His podcasts and books cover martial arts, Taoism, Native American history, and religion.
Please check out his work, On the Warrior’s Path, 50 Things You’re Not Supposed to Know: Religion, and Create Your Own Religion. They're all great books. I also highly recommend checking out his podcast, The Drunken Taoist.
In this interview, we cover Taoism, Jeet Kune Do, Buddhism and Ikkyu, martial arts and the Warrior spirit.
In this part of the interview we talk about Jeet Kune Do and Taoism. You can find the rest of it here (Part 2, Part 3).
I am very grateful for Mr. Bolelli's time and I hope you guys enjoy. I had a great time speaking to him.
"Man, the living, creating individual, is always more important than any established style." - Bruce Lee
Hi there. Thanks again for doing this.
No problem.
Can you talk a bit about the connection between Bruce Lee and Jeet Kune Do and your book, Create Your Own Religion?
I think Bruce Lee's approach to martial arts is brilliant—putting the individual at the center and not the system. The individual will end up choosing their own path. If you cling to one methodology, then you end up not changing and life is all about change. You end up losing out on a lot of subtleties. Had you been more sensitive to life, you would have been able to adapt.

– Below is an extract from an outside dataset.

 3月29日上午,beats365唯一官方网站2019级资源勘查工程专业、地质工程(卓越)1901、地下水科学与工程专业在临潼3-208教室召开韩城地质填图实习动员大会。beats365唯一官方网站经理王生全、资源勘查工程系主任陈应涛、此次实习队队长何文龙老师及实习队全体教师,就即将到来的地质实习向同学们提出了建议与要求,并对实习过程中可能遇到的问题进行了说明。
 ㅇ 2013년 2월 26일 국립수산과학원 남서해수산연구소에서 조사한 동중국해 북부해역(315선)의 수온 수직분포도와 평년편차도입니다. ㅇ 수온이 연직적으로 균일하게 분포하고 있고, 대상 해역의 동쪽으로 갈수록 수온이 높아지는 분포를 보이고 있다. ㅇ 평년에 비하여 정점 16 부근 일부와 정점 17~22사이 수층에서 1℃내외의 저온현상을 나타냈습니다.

For example, if you are raising kids, it is generally speaking good to be sweet to them. However, there will be some moments where you have to be a little more assertive. It’s not that being assertive all of the time is good or being soft all of the time is good. You need to know when is the appropriate time for each.

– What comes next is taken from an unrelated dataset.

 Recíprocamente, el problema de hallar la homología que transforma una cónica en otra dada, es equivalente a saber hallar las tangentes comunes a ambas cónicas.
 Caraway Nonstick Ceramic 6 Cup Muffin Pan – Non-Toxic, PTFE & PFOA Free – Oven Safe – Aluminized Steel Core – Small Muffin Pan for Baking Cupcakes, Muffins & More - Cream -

In Create Your Own Religion you’re essentially listing the different answers given by the different religions?
It’s really just the Bruce Lee approach. It’s all about self-discovery by looking at what’s out there, taking the good, rejecting the bad and in the end sticking true to what’s specifically your own.
Could you summarize some of the principles that Bruce Lee lived by?

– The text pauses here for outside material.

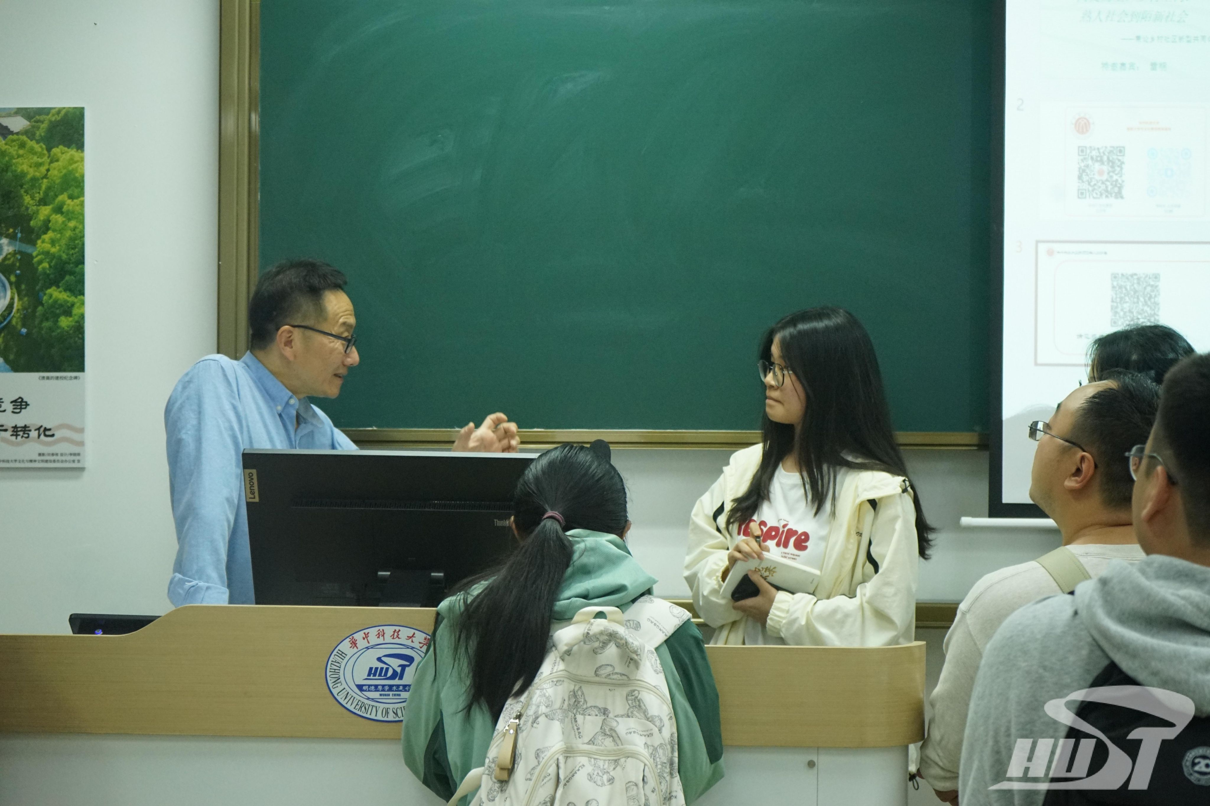 雷明的讲座引发了众多师生的思考。在提问环节,不同专业的师生就本专业与乡村振兴之间的关系踊跃发言。这一环节将讲座理论和生活实际相结合,听众更加深刻地了解了乡村新型关系的变化,也激励了更多同学立志为祖国的百年目标贡献力量。

It’s constantly being sensitive to life.
It’s all about individual freedom. Anything that limits individual freedom to explore and search and discover things for oneself is an enemy.
It doesn’t mean that freedom won’t lead to some fuck ups. People will sometimes use their freedom in the wrong way. But that’s part of the game. Just because some people will screw up doesn’t mean that the game is wrong. It means that you need to teach people how to be smarter.
Was Bruce Lee influenced by Taoism?
Yup. This is pure Taoism.
"The Tao that can be told, the Tao that can be explained, is not the eternal Tao." – Lao Tzu, in Tao Te Ching
What are the origins of Taoism?
The origins of Taoism are so lost in time that the only things that are left are legends.
The story goes that Lao Tzu was working in the imperial palace library. At some point he wanted to retire and go off into the mountains. He had never written down a word of his teachings.
One of the guards at the edge of town who had heard of Lao Tzu’s fame for being incredibly wise stopped him as he was about to leave.
The guard said, “It would be too much of a loss if all this wisdom goes away with you, leave us something behind.” Lao Tzu thought about it and said, “No.”
So the guard said, “That’s too bad you feel that way because I’m not going to let you go through the gate until you write me something.”
In the next three days he wrote 81 poems which formed the Tao Te Ching.
Almost all of this is a legend, but it is trying to convey a point: nothing should be put in stone. Committing words to paper misses the spirit behind them. That’s why even the first line of the Tao Te Ching says “The Tao that can be told, the Tao that be explained, is not the eternal Tao.” Meaning that words are an approximation.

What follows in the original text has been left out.